Supplied data -
------
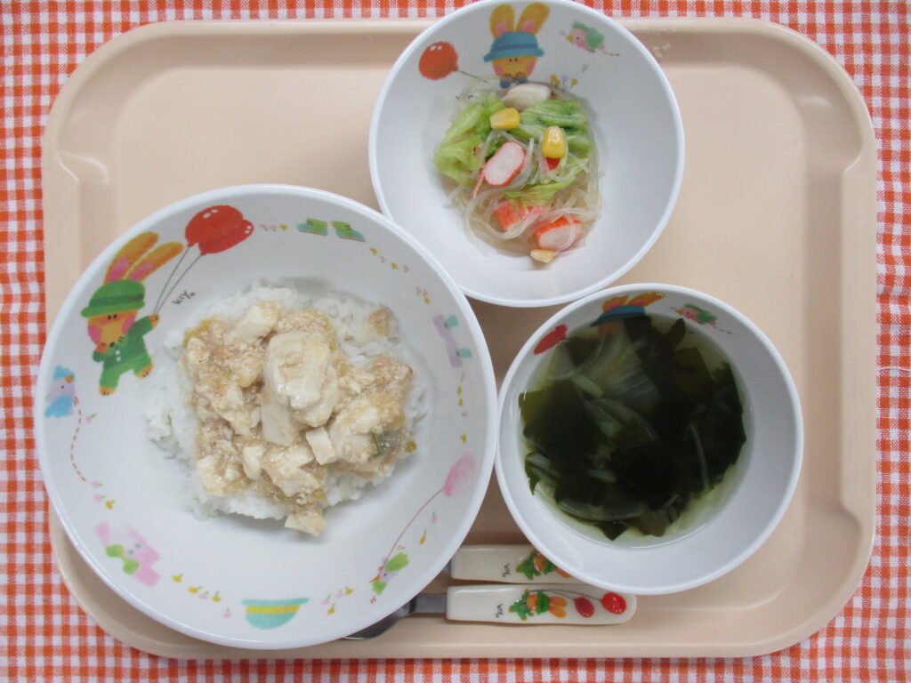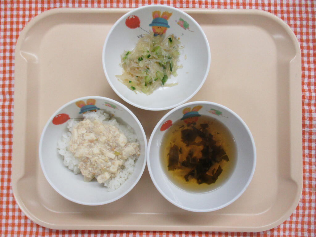 マーボー豆腐丼 春雨サラダ わかめスープ
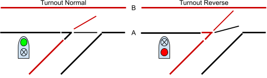 Here’s an idealized turnout, showing the polarity of the frog based on whether the turnout is normal or reverse:
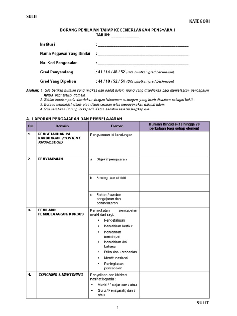 Doc Borang Penilaian Tahap Kecemerlangan Guru Borang Kategori 1b Guru Nor Asmah Awang Academia Edu
------
Prompt - Each line of the data should be printed again exactly. Please leave pictures out.

Exercise output -
 マーボー豆腐丼 春雨サラダ わかめスープ
 Here’s an idealized turnout, showing the polarity of the frog based on whether the turnout is normal or reverse:
 Doc Borang Penilaian Tahap Kecemerlangan Guru Borang Kategori 1b Guru Nor Asmah Awang Academia Edu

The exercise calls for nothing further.